'''
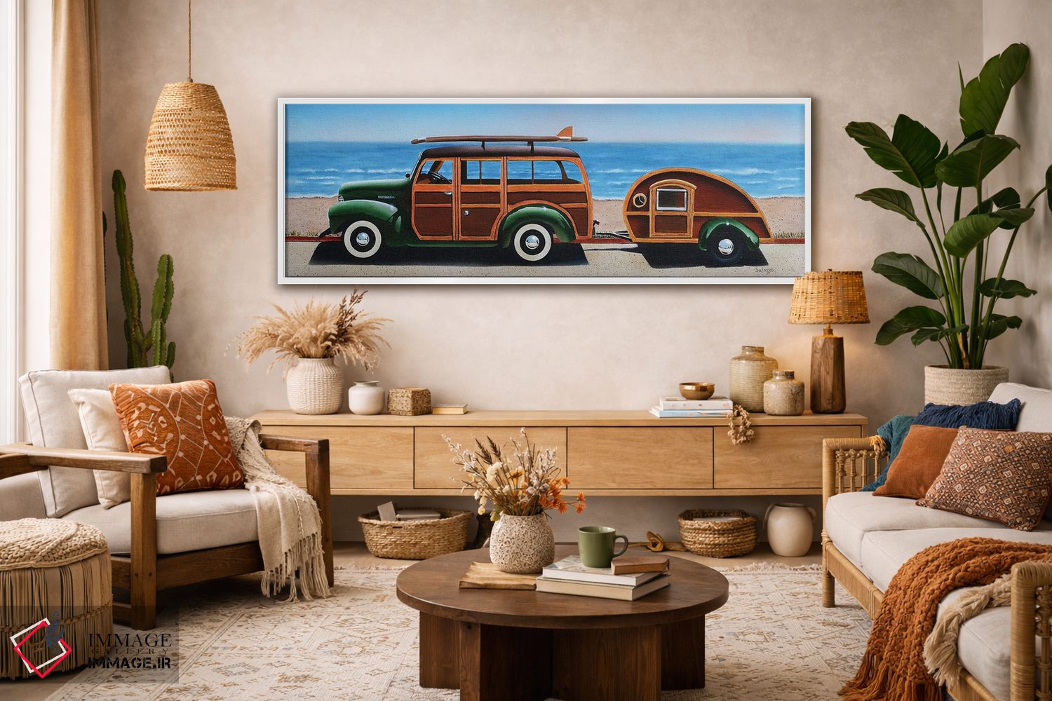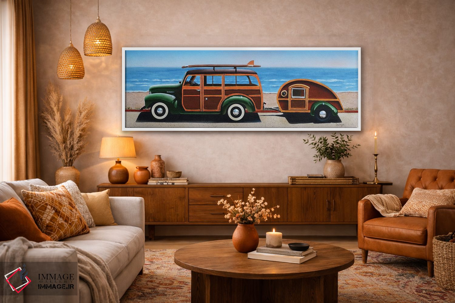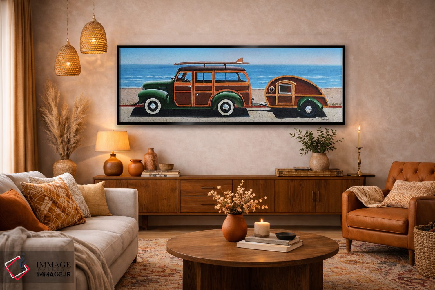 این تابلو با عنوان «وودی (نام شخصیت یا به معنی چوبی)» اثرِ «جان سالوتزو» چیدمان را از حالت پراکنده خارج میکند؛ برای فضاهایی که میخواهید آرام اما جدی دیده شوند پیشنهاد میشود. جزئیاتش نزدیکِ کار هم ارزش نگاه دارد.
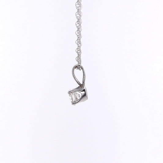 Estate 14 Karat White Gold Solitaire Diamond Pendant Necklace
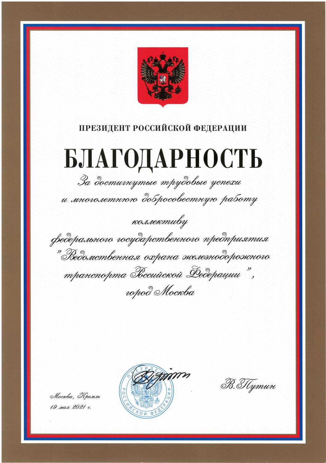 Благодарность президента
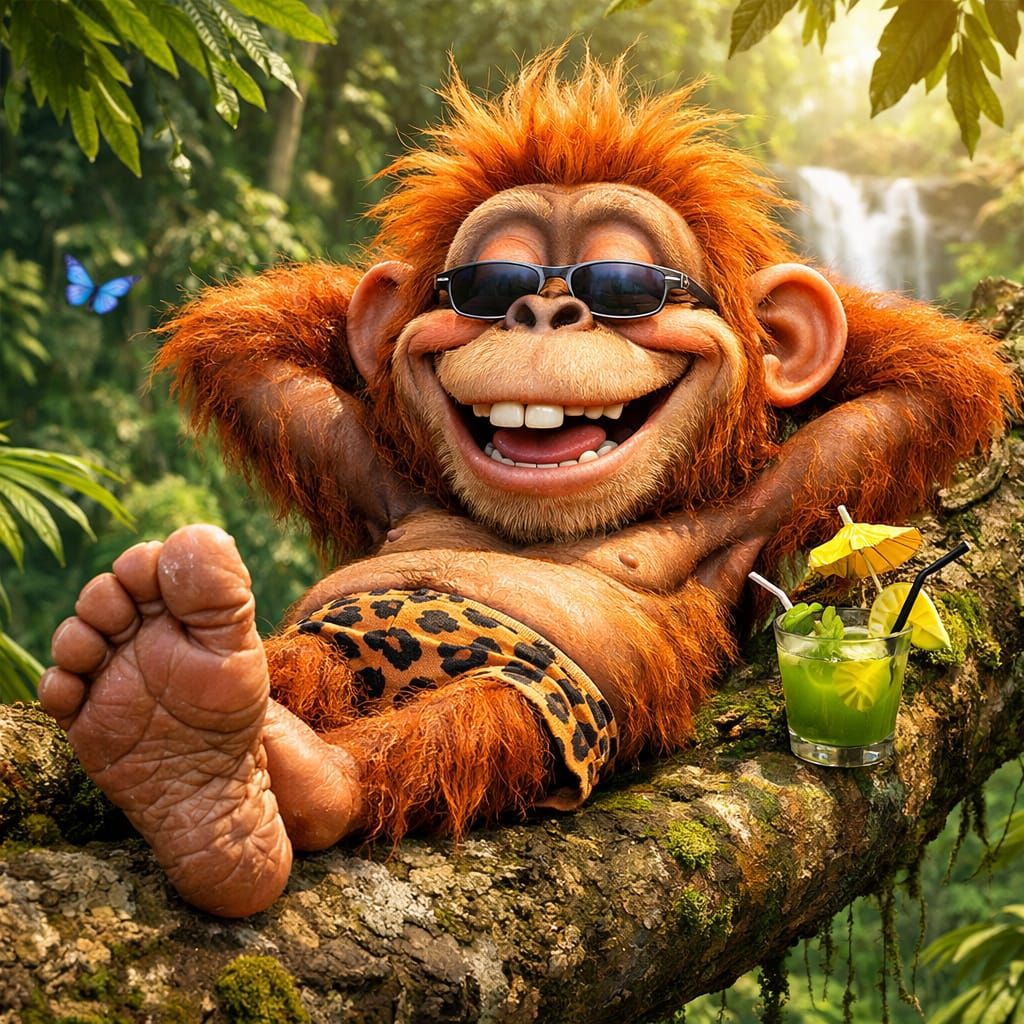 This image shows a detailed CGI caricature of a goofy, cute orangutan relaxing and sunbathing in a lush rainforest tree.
'''
*What you need to do*:
The output is the data above, repeated exactly, with pictures omitted.

*Final answer*:
 این تابلو با عنوان «وودی (نام شخصیت یا به معنی چوبی)» اثرِ «جان سالوتزو» چیدمان را از حالت پراکنده خارج میکند؛ برای فضاهایی که میخواهید آرام اما جدی دیده شوند پیشنهاد میشود. جزئیاتش نزدیکِ کار هم ارزش نگاه دارد.
 Estate 14 Karat White Gold Solitaire Diamond Pendant Necklace
 Благодарность президента
 This image shows a detailed CGI caricature of a goofy, cute orangutan relaxing and sunbathing in a lush rainforest tree.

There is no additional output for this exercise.